[Exercise brief]:
Retype word for word the line containing "全年全市社會消費(fèi)品" and each line that follows it in the records below, through the last one, with no pictures.

··· Task input ···

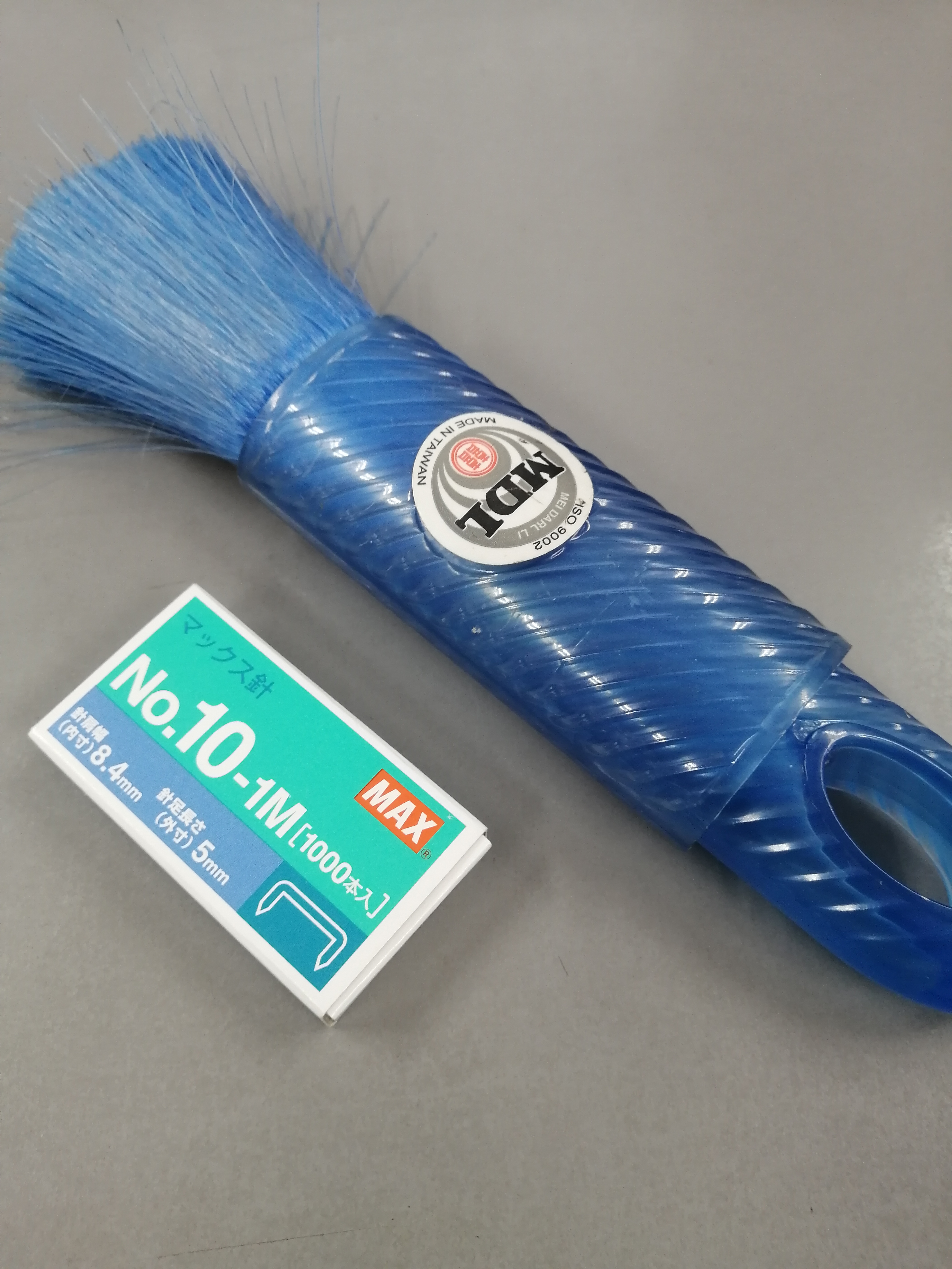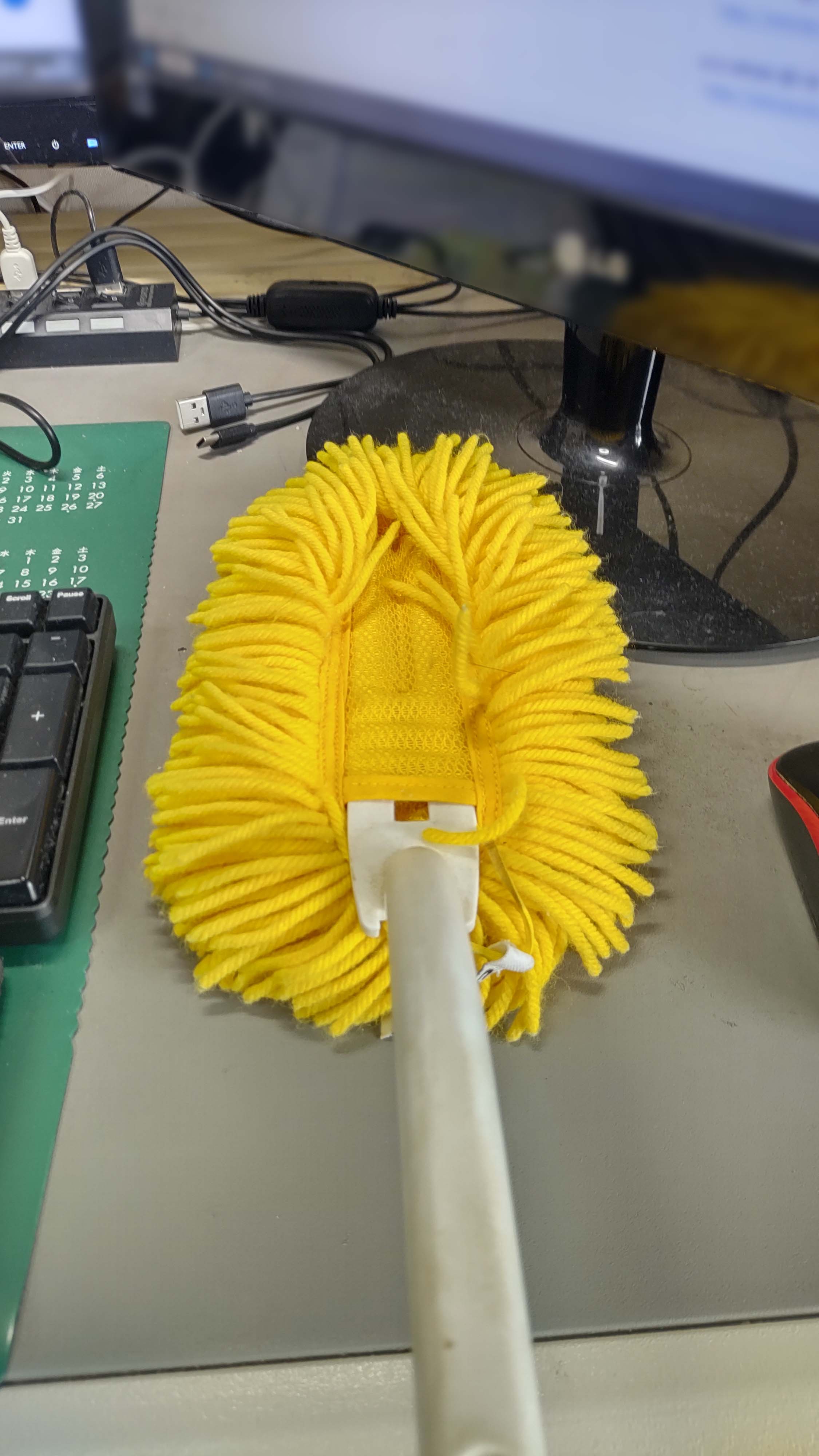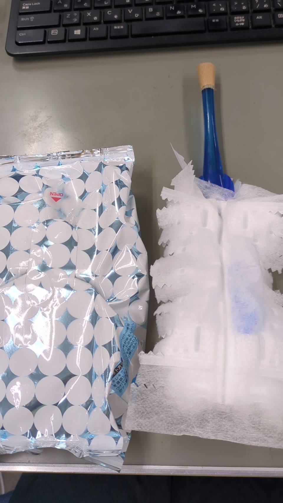 | 市販のクイックワイパーを持ち込んでます。取替は会社に買ってもらってます。そして、私が来た時から机の中に有ったキーボード掃除するブラシ。意外と働いてくれます。 |
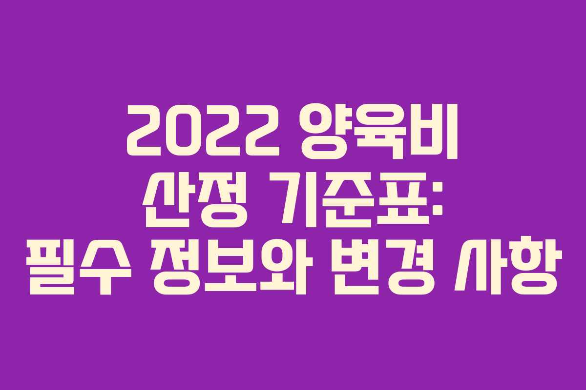 2022년의 양육비 산정 기준표는 이혼 후 자녀 양육과 관련하여 매우 중요한 요소입니다. 이 글에서는 양육비 산정 기준표의 개정 이유와 양육비 지급의 중요성을 설명하겠습니다.
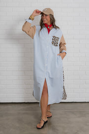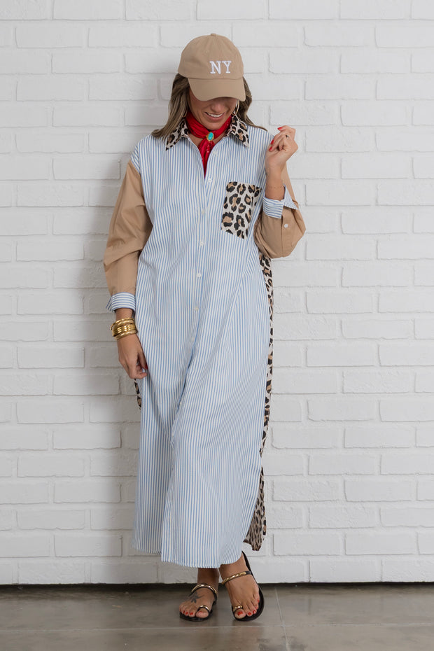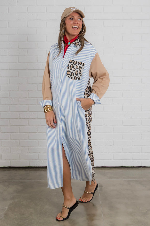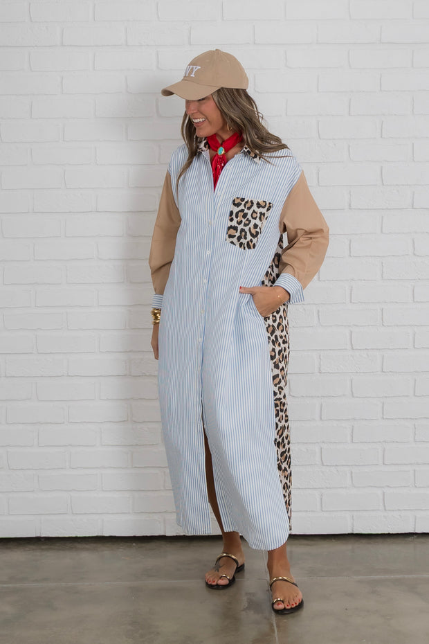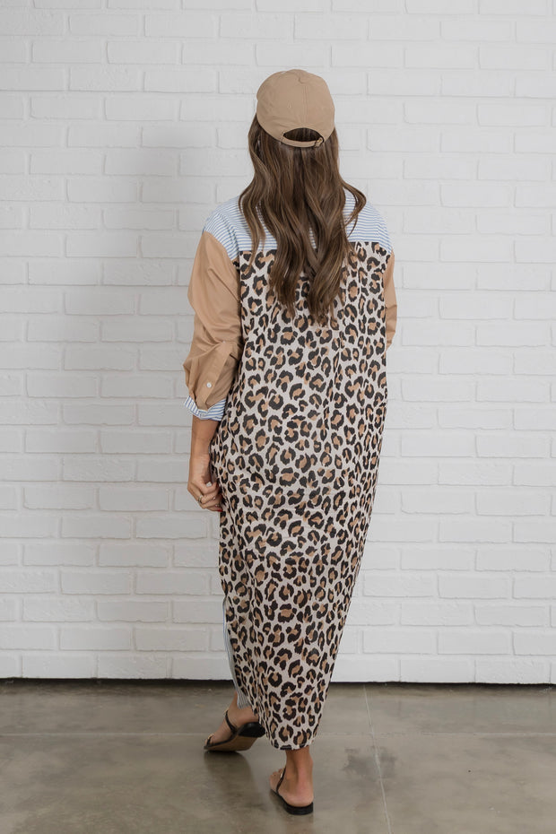 The button down front adds a touch of sophistication while the striped detailing and leopard print add a playful touch.
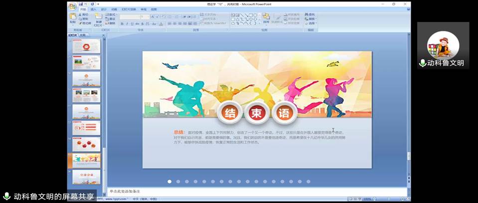 6.由鲁老师对本次的团会进行总结:面对疫情,全国上下共同努力,创造了一个又一个奇迹。不过,这些只是在外国人眼里觉得是个奇迹,对于我们自己而言,都是需要做的事。况且,我们的目的不是要创造奇迹,而是希望在十几亿中华儿女的共同努力下,能够尽快战胜疫情,恢复正常的生活和工作状态。
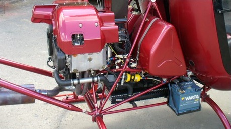 The lower composite belly-panel is screwed in to allow access to control linkages, wiring loom, and “Red-Top” racing battery. The doors can be removed, limiting the Vne to 150 kph / 80 kt at sea level. The single electronic ignition system is totally waterproof.
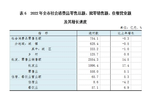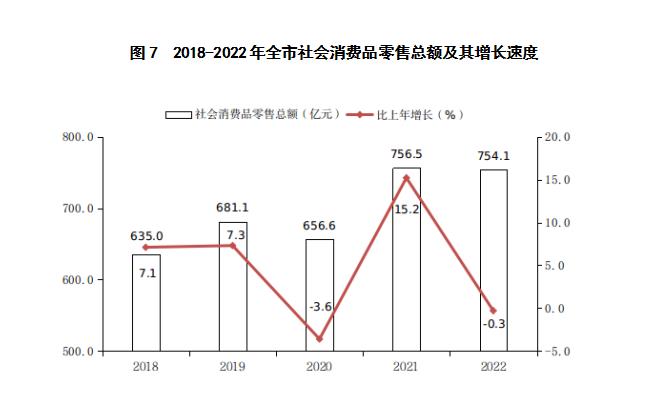 全年全市社會消費(fèi)品零售總額754.1億元,比上年下降0.3%。按經(jīng)營地統(tǒng)計(jì),城鎮(zhèn)消費(fèi)品零售額628.4億元,下降0.5%;鄉(xiāng)村消費(fèi)品零售額125.7億元,增長0.8%。按消費(fèi)形態(tài)統(tǒng)計(jì),商品零售額676.6億元,下降0.6 %;餐飲收入額77.5億元,增長2.1%。
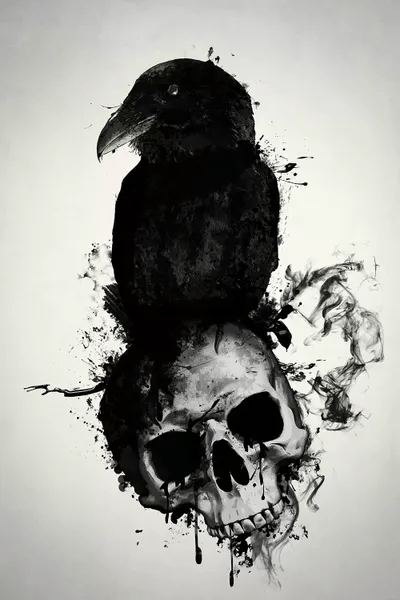 Raven Skull Magic - Gothic Raven Skull Drawing
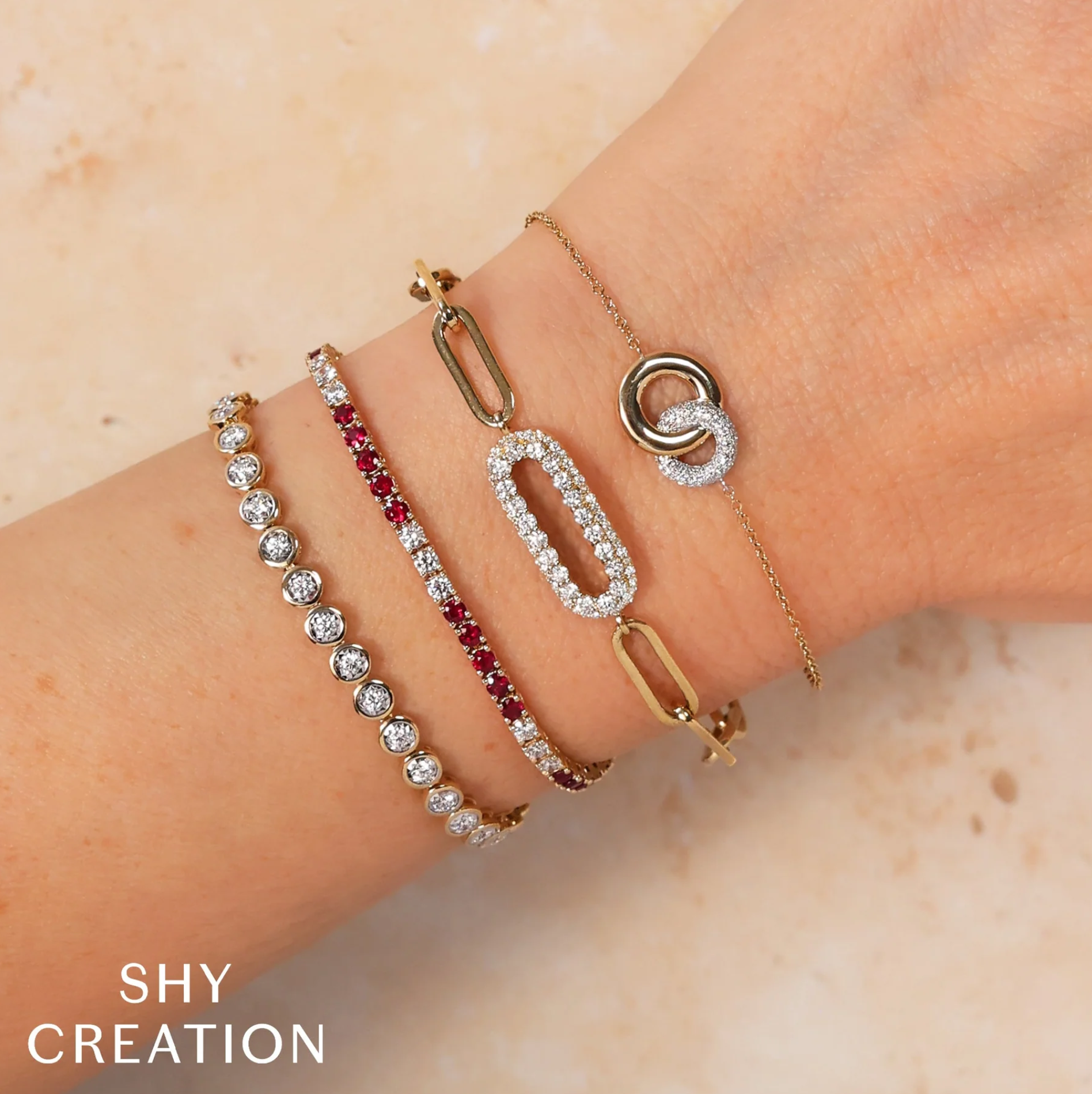 Shy Creation 14K Gold Paper Clip Link Diamond Bracelet
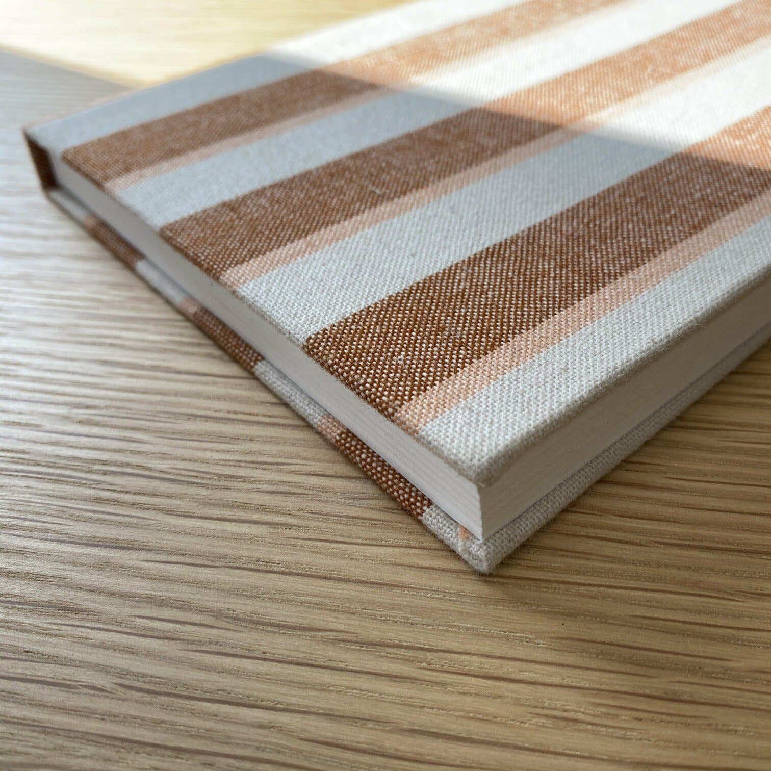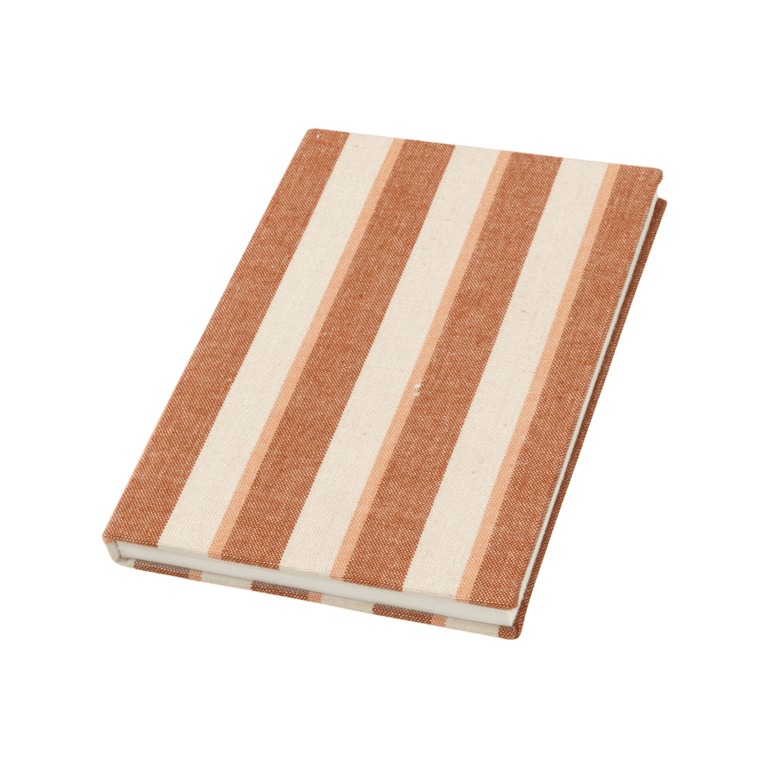Piezīmju blociņš ar auduma cietajiem vākiem, lapas ar līnijām.
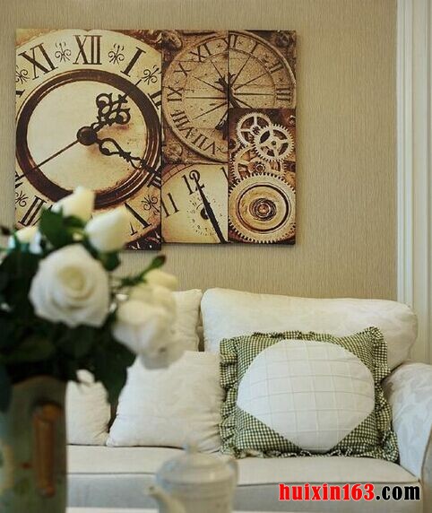 本套房屋装饰的风格比较适合大城市中的年轻人,在注重质感的同时有添加了许多时尚的元素,使房屋看起来不仅舒适而且也非常的具有设计感,一款纯白色的布艺沙发靠墙而放,米黄色的背景墙上悬挂了一幅以钟表为主题的装饰画,可以带给人们无限的幻想,同时也可以凸显出房屋主人的品味,宽大的落地窗前悬挂了一幅绿色带有碎花图案的布艺窗帘,整体效果个以带给人们一种非常清新的感觉,餐厅与客厅相连装饰的主色彩依然使用了白色,加入了青葱的绿色做点缀,是餐厅空间显得非常干净,而且也可以带给人们一种清新感,一款白色的长条餐桌的两侧搭配了同一款式的座椅,使整间餐厅都显得非常高档、大气。

···

[Exercise response]:
 全年全市社會消費(fèi)品零售總額754.1億元,比上年下降0.3%。按經(jīng)營地統(tǒng)計(jì),城鎮(zhèn)消費(fèi)品零售額628.4億元,下降0.5%;鄉(xiāng)村消費(fèi)品零售額125.7億元,增長0.8%。按消費(fèi)形態(tài)統(tǒng)計(jì),商品零售額676.6億元,下降0.6 %;餐飲收入額77.5億元,增長2.1%。
 Raven Skull Magic - Gothic Raven Skull Drawing
 Shy Creation 14K Gold Paper Clip Link Diamond Bracelet
Piezīmju blociņš ar auduma cietajiem vākiem, lapas ar līnijām.
 本套房屋装饰的风格比较适合大城市中的年轻人,在注重质感的同时有添加了许多时尚的元素,使房屋看起来不仅舒适而且也非常的具有设计感,一款纯白色的布艺沙发靠墙而放,米黄色的背景墙上悬挂了一幅以钟表为主题的装饰画,可以带给人们无限的幻想,同时也可以凸显出房屋主人的品味,宽大的落地窗前悬挂了一幅绿色带有碎花图案的布艺窗帘,整体效果个以带给人们一种非常清新的感觉,餐厅与客厅相连装饰的主色彩依然使用了白色,加入了青葱的绿色做点缀,是餐厅空间显得非常干净,而且也可以带给人们一种清新感,一款白色的长条餐桌的两侧搭配了同一款式的座椅,使整间餐厅都显得非常高档、大气。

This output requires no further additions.